What needs to be done: Each entry below is to be given again word for word, with no pictures.

Records for this exercise:

◆ ◆ ◆ ◆

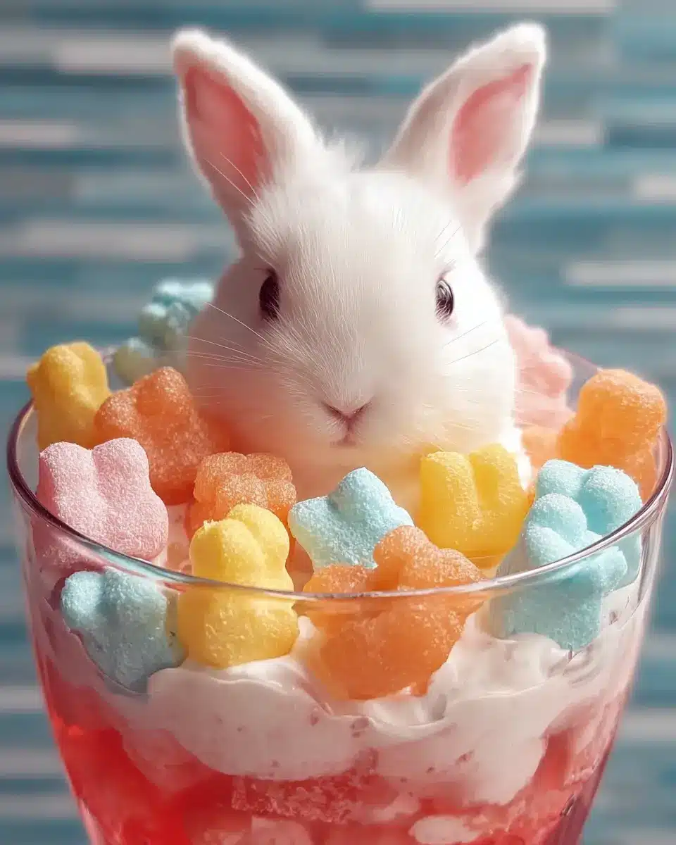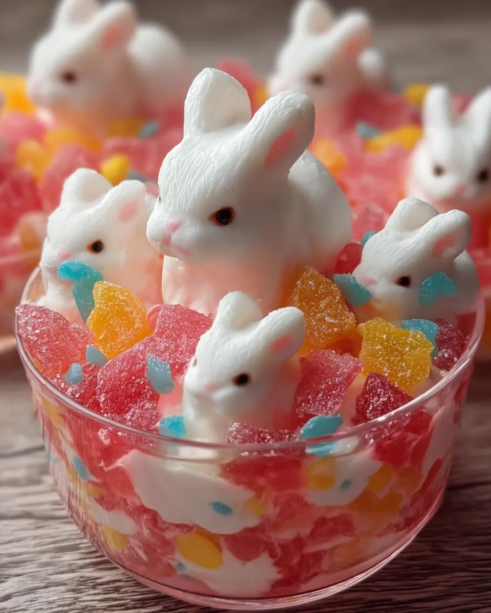 - Serve in cups and garnish with gummy bunny candies for a festive touch.
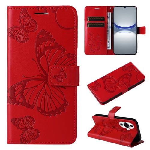 Funda de Cuero con Tapa para Huawei Nova 12S con Patrón Mariposa 3D (Rojo)
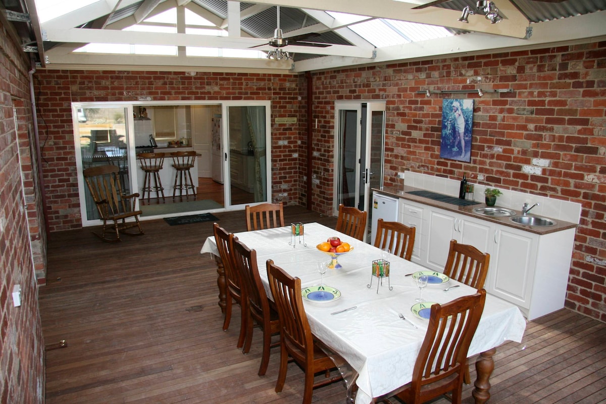 Suíomh lárnach suaimhneach ar bhóthar gan dul tríd agus suite go díreach os coinne páirce áille ina bhfuil limistéir mhóra féir oscailte. Athchóiríodh an teach chun a dhraíocht i lár an chéid a chaomhnú agus tá gnéithe nua - aimseartha san áireamh Aircon nua córais scoilte i ngach seomra leapa & áit ina bhfuil cistin. Teilifís chliste 55 orlach, barr cócaireachta, oigheann, cuisneoir, micreathonnán, meaisín níocháin, meaisín níocháin mias, meaisín caife & feistis. Wi - Fi gan teorainn. Siúlóid éasca chuig CBD, Murray River, turasóireacht, linn snámha, leabharlann, ospidéil & galf
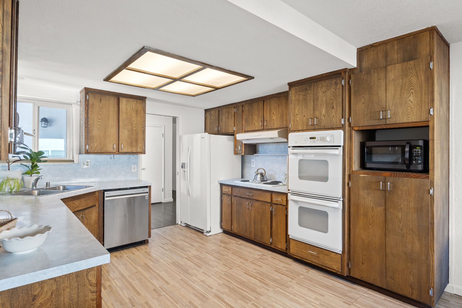 Enjoy a fenced front yard with mature shade trees, plus both front and back patios perfect for relaxing or entertaining. Inside, the sunken living room creates a cozy atmosphere, while the kitchen and dining areas flow easily for everyday living. The spacious covered back patio and low-maintenance turf backyard make outdoor enjoyment simple year-round.
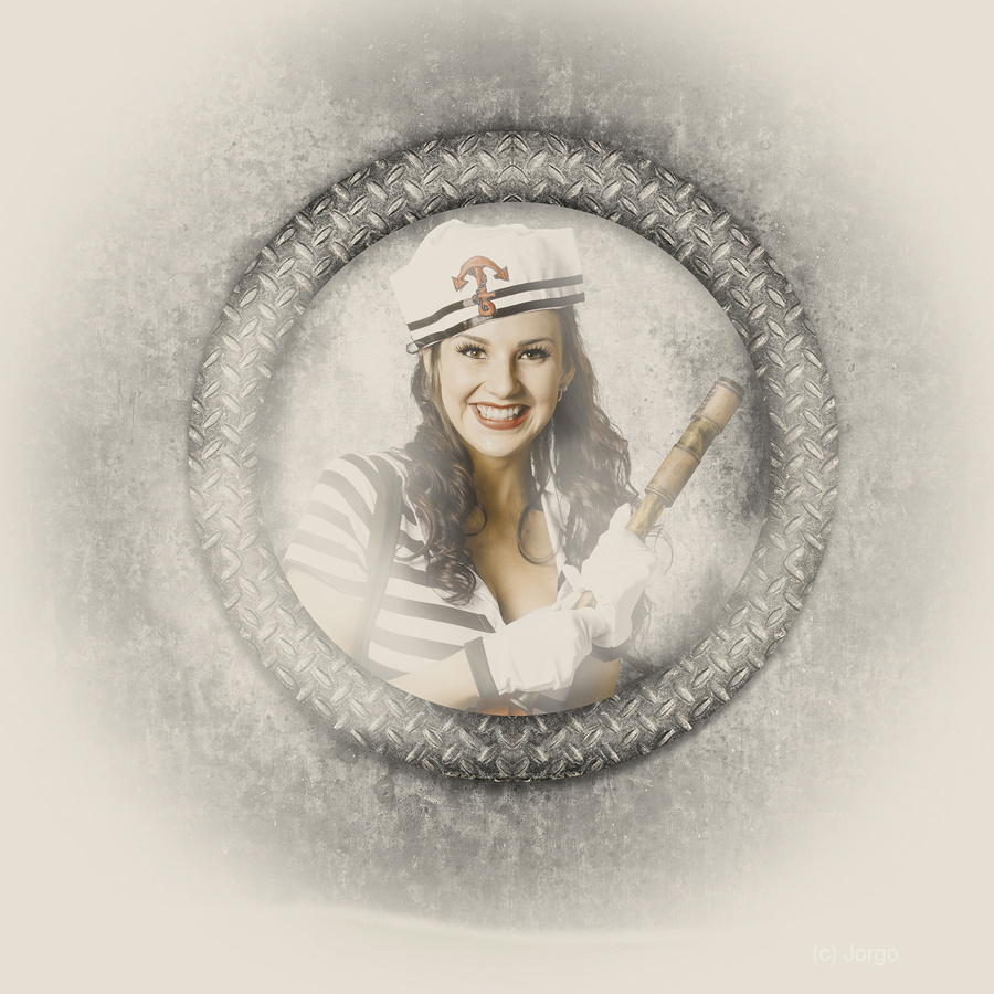 Attractive young boating pin-up woman smiling through maritime porthole holding brass telescope when on a seaside expedition adventure. Nautical shipp...[+]

◆ ◆ ◆ ◆

Solution to the problem:
 - Serve in cups and garnish with gummy bunny candies for a festive touch.
 Funda de Cuero con Tapa para Huawei Nova 12S con Patrón Mariposa 3D (Rojo)
 Suíomh lárnach suaimhneach ar bhóthar gan dul tríd agus suite go díreach os coinne páirce áille ina bhfuil limistéir mhóra féir oscailte. Athchóiríodh an teach chun a dhraíocht i lár an chéid a chaomhnú agus tá gnéithe nua - aimseartha san áireamh Aircon nua córais scoilte i ngach seomra leapa & áit ina bhfuil cistin. Teilifís chliste 55 orlach, barr cócaireachta, oigheann, cuisneoir, micreathonnán, meaisín níocháin, meaisín níocháin mias, meaisín caife & feistis. Wi - Fi gan teorainn. Siúlóid éasca chuig CBD, Murray River, turasóireacht, linn snámha, leabharlann, ospidéil & galf
 Enjoy a fenced front yard with mature shade trees, plus both front and back patios perfect for relaxing or entertaining. Inside, the sunken living room creates a cozy atmosphere, while the kitchen and dining areas flow easily for everyday living. The spacious covered back patio and low-maintenance turf backyard make outdoor enjoyment simple year-round.
 Attractive young boating pin-up woman smiling through maritime porthole holding brass telescope when on a seaside expedition adventure. Nautical shipp...[+]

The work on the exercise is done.